● REQUIRED WORK
Among the lines below, the one containing "校庭西側の樹木の緑も日増しに" opens the range and the one containing "自10月21日接到学校教务处" closes it. Print that range exactly, without the pictures.
──────────
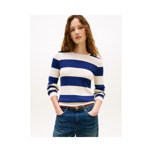 Tommy Hilfiger women's sweater. Made from premium cotton in an easy fit, our cable knit sweater is a soft, comfortable layer. This version is updated with rugby stripes for a sporty prep feel.
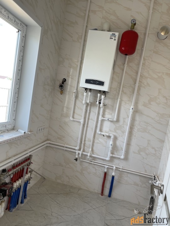 Отопление – газовое. Котел. 1 этаж -теплый пол,2- батареи с антифризом.
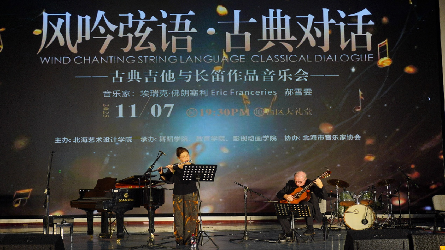 由北海艺术设计学院主办,学校舞蹈学院、教育学院及影视动画学院联合承办,北海市音乐家协会协办的“风吟弦语・古典对话”古典音乐盛宴,于11月7日在我校西校区大礼堂举行。法国古典吉他演奏家埃瑞克・佛朗塞利与旅法长笛演奏家郝雪雯联袂登台,学校常务副校长胡胜、副校长邱杰、总督学王斌,师生代表及社会各界嘉宾齐聚现场,沉浸式领略这场兼具专业深度与艺术感染力的听觉盛宴。
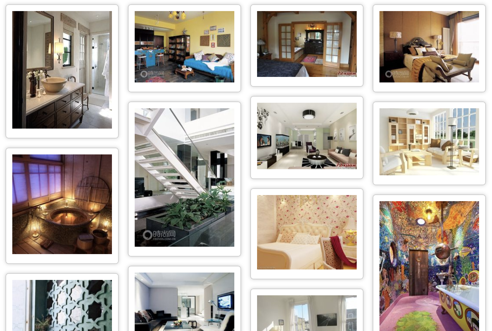 分享一个基于JQuery实现的瀑布流布局,效果如下:
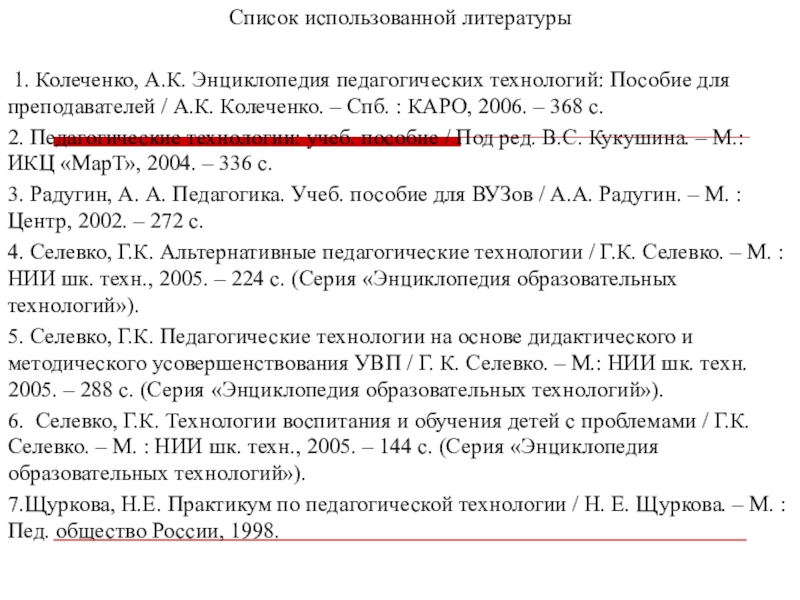 1. Колеченко, А.К. Энциклопедия педагогических технологий: Пособие для
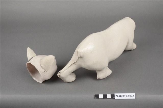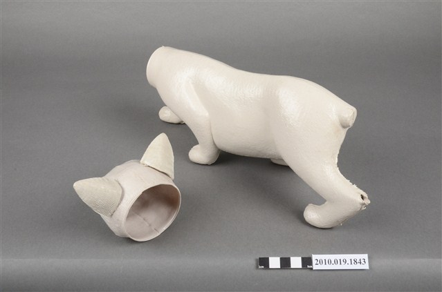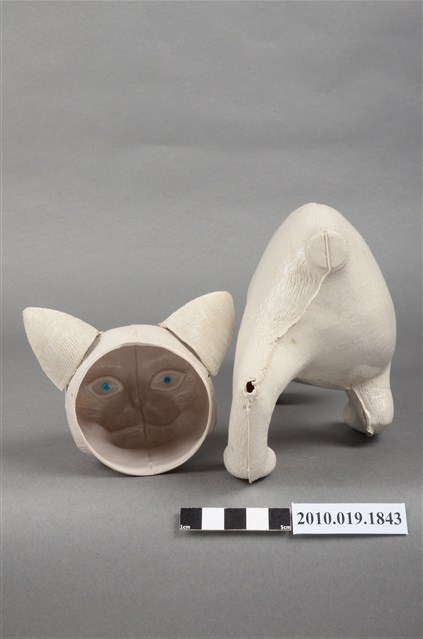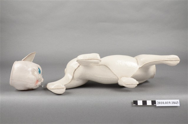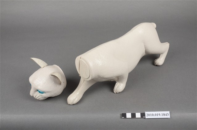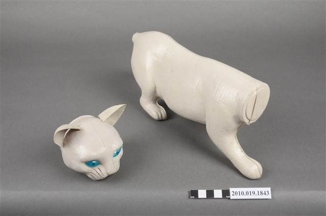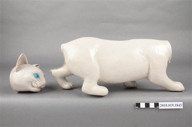本物件為貓玩偶,材質為塑膠,整體呈現為貓行進的模樣,但貓頭脫落且沒有尾巴。貓玩偶是隻白貓,有一對藍眼睛、伏貼的鬍鬚、豎立的尖耳朵,以同手同腳姿勢行進。
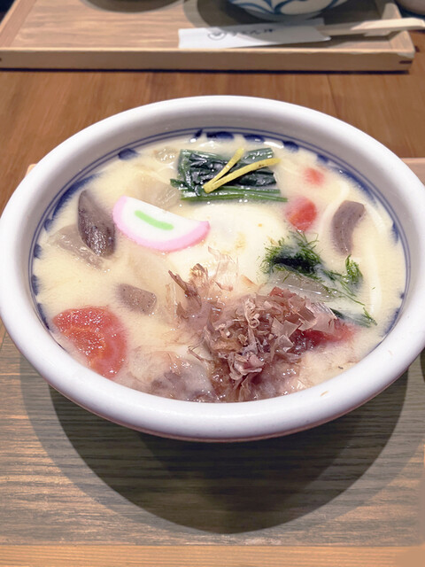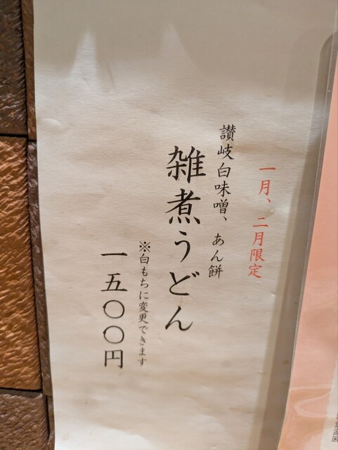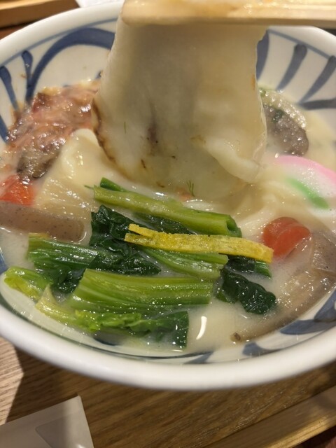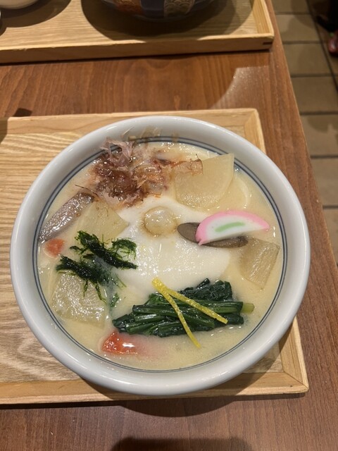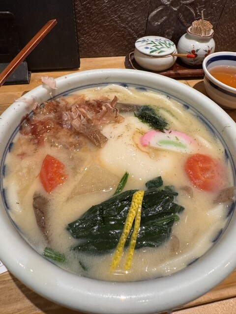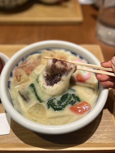 この時期しか食べることが出来ないと言う点もあってか一時間以上待ちました。待ってよかったです。とてもおいしかったです。回転も思っていたよりも早くてよかったです。餡餅にうどんははじめての組み合わせでしたが...
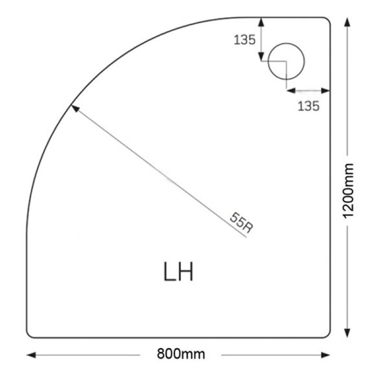 Just Trays JT Fusion Offset Quadrant Anti-Slip Shower Tray with Waste 1200mm x 800mm LH Flat Top
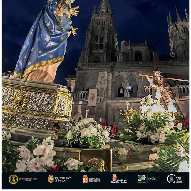 El cartel de la Semana Santa de Burgos 2022 es una imagen de la procesión de El Encuentro, que cumple 75 años, con los pasos de la Virgen de los Dolores y Jesús con la Cruz a cuestas, con la Catedral de fondo y que iba a ser el cartel de la Semana Santa 2020 que la pandemia anuló.
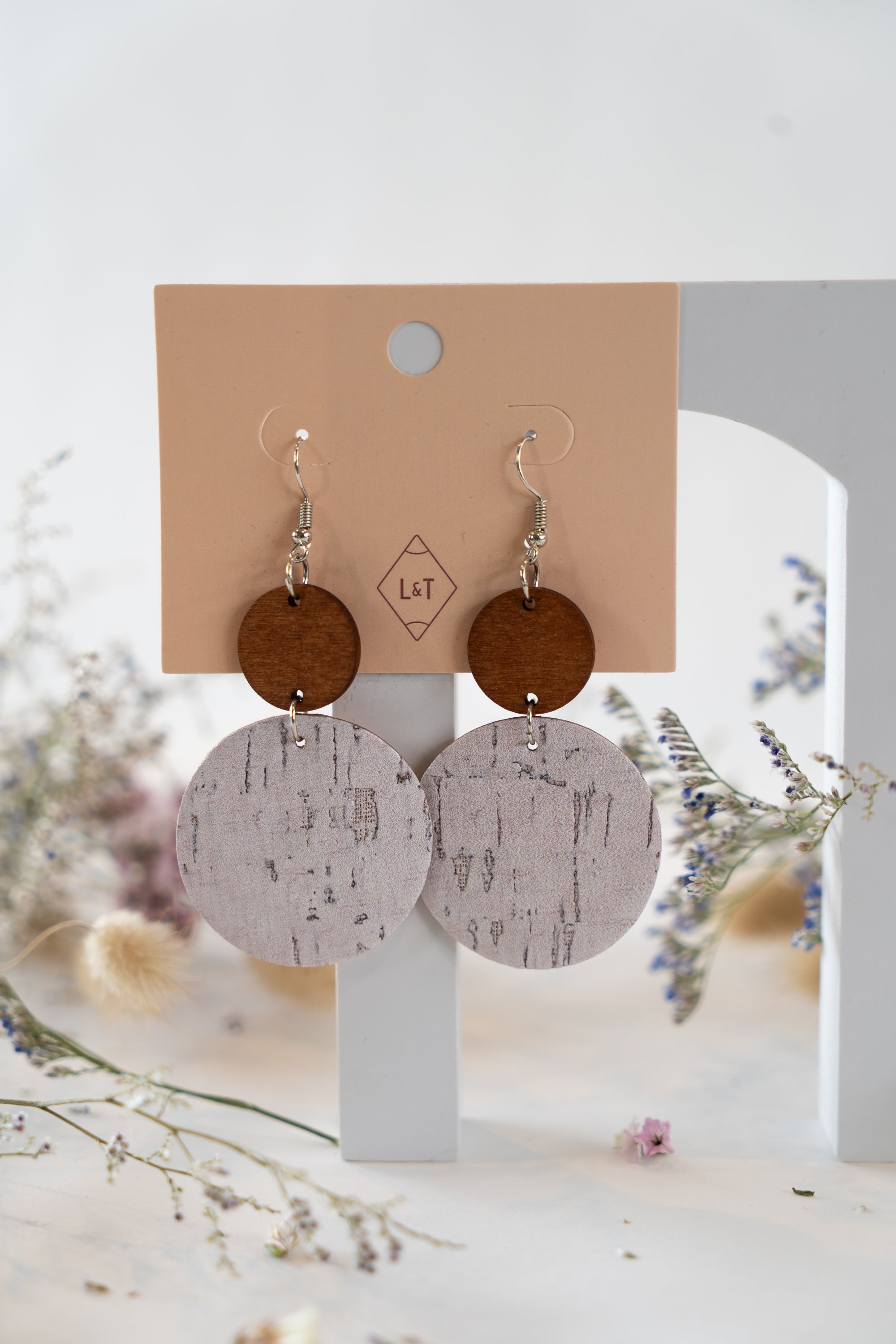 Cork textured earrings are a unique, lightweight accessory made from natural cork material and this circular style option is in a textured finish that mimics concrete. This concrete color gives them a neutral, modern aesthetic, making them versatile pieces that can complement a variety of outfits. These earrings are perfect for those who appreciate sustainable fashion with a contemporary twist.
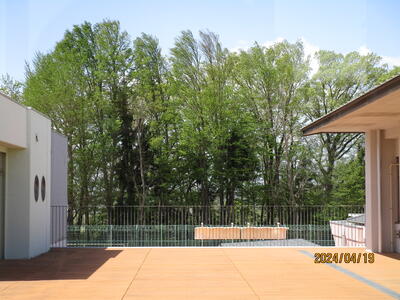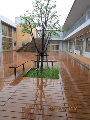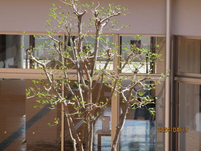 校庭西側の樹木の緑も日増しに濃くなってきています。中庭のシンボルツリーも新芽が出てきました。
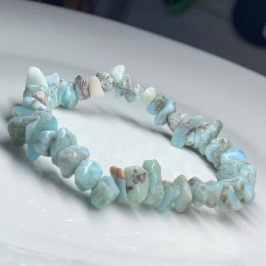 - おすすめ!!天然石★チョコ ラリマー 細石 ブレスレット★① 18cm
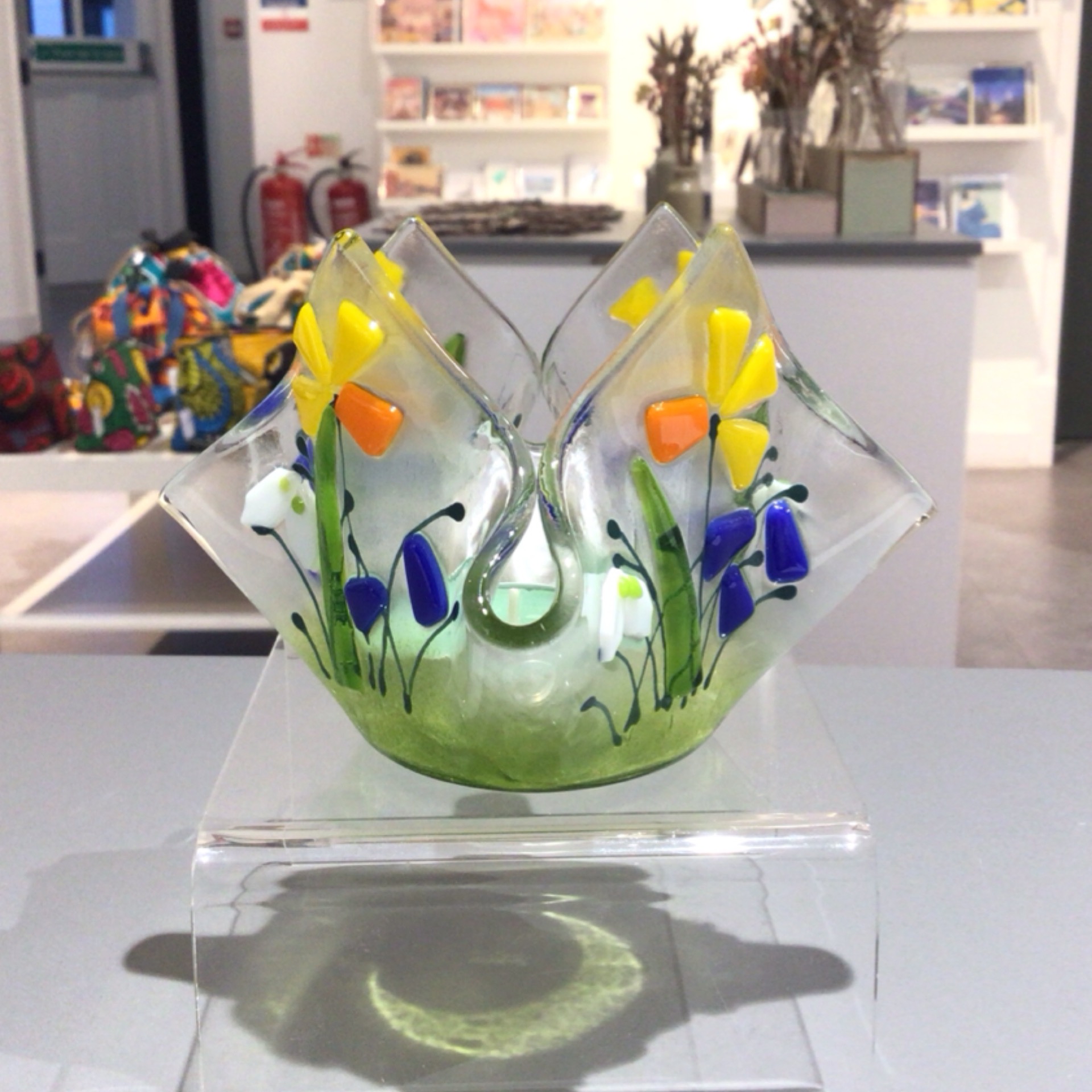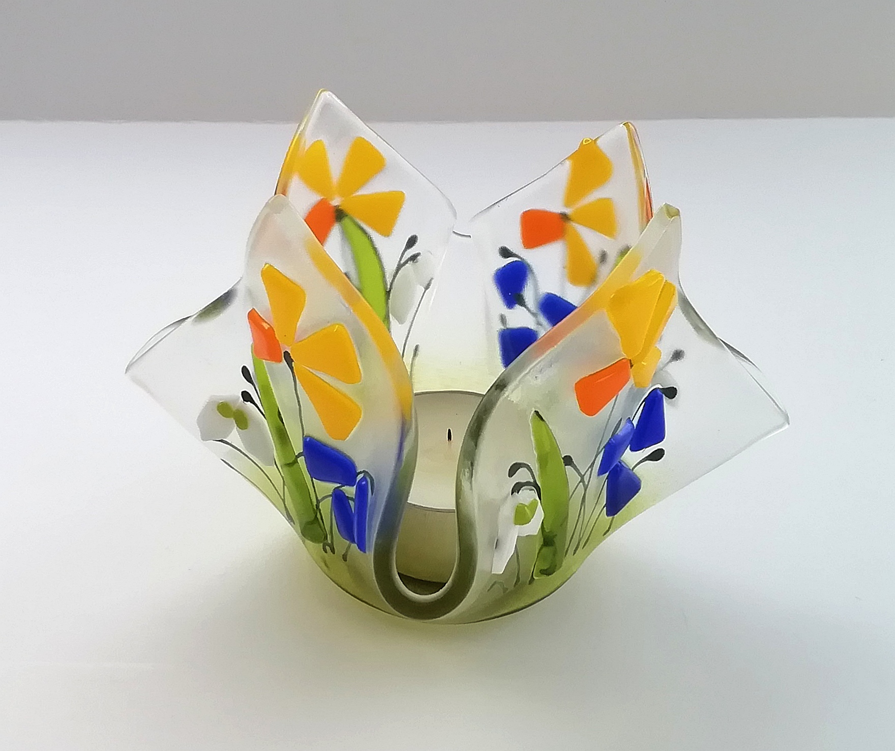 Fused glass spring tea-light holder with tea-light by WhimsicalFusing.
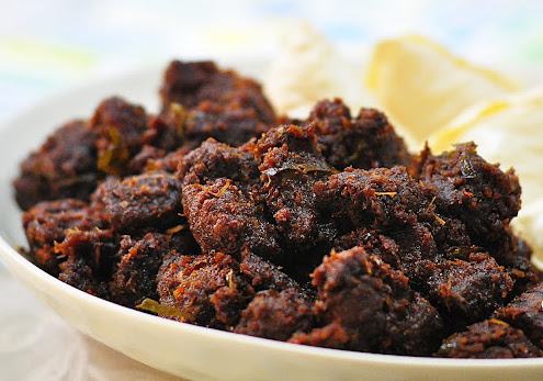 3. Setelah 30 menit masukkan daging sapi yang sudah dipotong-potong. Tambahkan garam dan masak sampai santan benar-benar mengental dan tidak ada santan lagi.
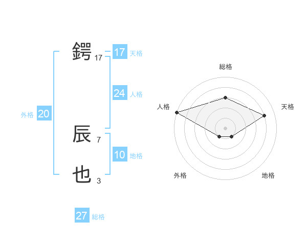 鍔 辰也さんを姓名の画数から五運を鑑定
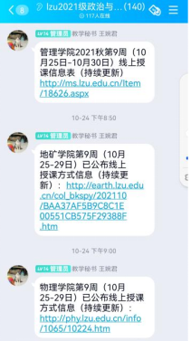 自10月21日接到学校教务处通知后,我院迅速组织并开展相关工作,为转入线上教学模式打好前哨战。本学期,我院共开设24门本科生课程以及4门研究生课程,参与教师20余名。接到学校通知后,学院及时与各任课教师沟通,创建线上课程,收集相关信息,做好开展线上教学需要的一系列准备。同时,学院积极组织各位老师参加学校开办的线上教学培训课程,通过网络直播线上答疑等活动,帮助老师们迅速掌握开展线上课堂所需要的关键技巧,确保线上教学工作能够顺利开展。在开展线上教学的前期准备工作中,老师们采取多平台多形式的教学方式,认真备课,调试上课设备,积极克服各种困难,争取为学生提供良好的线上课堂环境。此外,学院群内会实时转发各学院线上课程通知,确保同学们及时了解课程信息并做好课前准备。
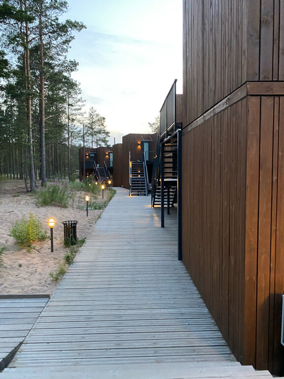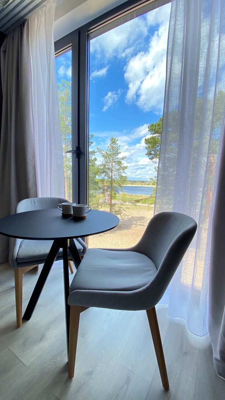 Очень хорошее место для отдыха от городской суеты! Красиво, тихо, свежий воздух, Ладога, вкусная еда Если все же хочется немного экстрима, можно прокатиться на квадроциклах по Кексгольмскому бору — дух захватывает))) Номерной фонд хороший, мы отдыхали в семейном номере-студии, очень понравился! Места достаточно, кровать большая, есть терраса — даже посчастливилось наблюдать с нее северное сияние
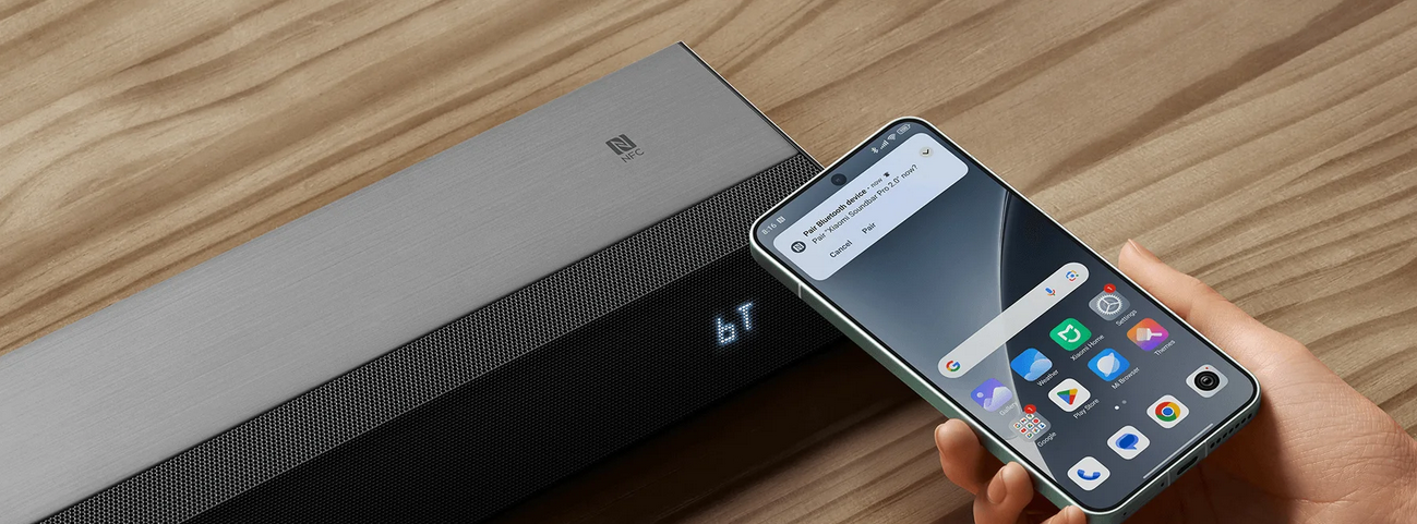Hold your smartphone's NFC area near the soundbar's NFC zone for instant Bluetooth pairing and seamless music playback.
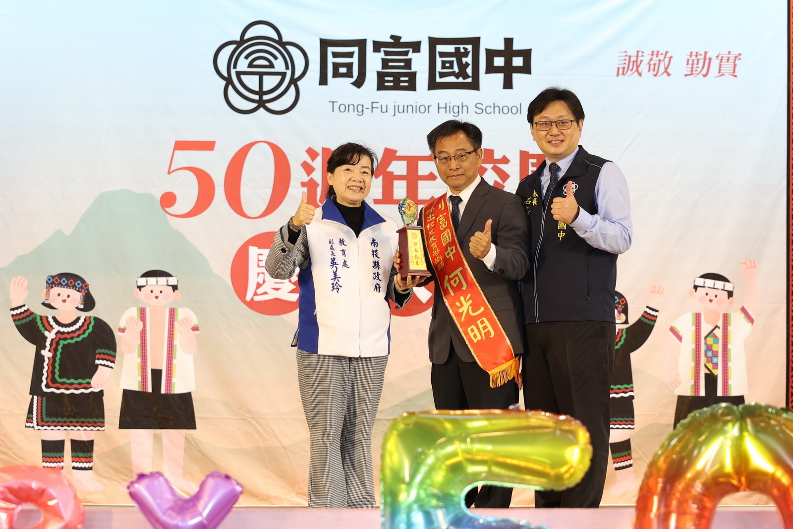 縣府教育處副處長吳美玲(左一)與校長石啟佑一同頒發獎盃給30名在各領域中表現傑出的校友。縣議員全文才、信義鄉長全志堅也出席致意。 [記者蔡鳳凰攝] 信義鄉同富國中以「飛躍50、共創未來」為主軸,28日盛大舉辦建校50週年校慶紀念大會,以園遊會型式邀請歷任校長、會長、退休教師與校友們重聚,分享母校的蛻變與成長,共同回味一同走過的青春,同時表揚30位傑出校友、9位資深教職員以及榮獲「代代同中人獎」的13個家族。
──────────
● RESULT FOR THIS EXERCISE
 校庭西側の樹木の緑も日増しに濃くなってきています。中庭のシンボルツリーも新芽が出てきました。
 - おすすめ!!天然石★チョコ ラリマー 細石 ブレスレット★① 18cm
 Fused glass spring tea-light holder with tea-light by WhimsicalFusing.
 3. Setelah 30 menit masukkan daging sapi yang sudah dipotong-potong. Tambahkan garam dan masak sampai santan benar-benar mengental dan tidak ada santan lagi.
 鍔 辰也さんを姓名の画数から五運を鑑定
 自10月21日接到学校教务处通知后,我院迅速组织并开展相关工作,为转入线上教学模式打好前哨战。本学期,我院共开设24门本科生课程以及4门研究生课程,参与教师20余名。接到学校通知后,学院及时与各任课教师沟通,创建线上课程,收集相关信息,做好开展线上教学需要的一系列准备。同时,学院积极组织各位老师参加学校开办的线上教学培训课程,通过网络直播线上答疑等活动,帮助老师们迅速掌握开展线上课堂所需要的关键技巧,确保线上教学工作能够顺利开展。在开展线上教学的前期准备工作中,老师们采取多平台多形式的教学方式,认真备课,调试上课设备,积极克服各种困难,争取为学生提供良好的线上课堂环境。此外,学院群内会实时转发各学院线上课程通知,确保同学们及时了解课程信息并做好课前准备。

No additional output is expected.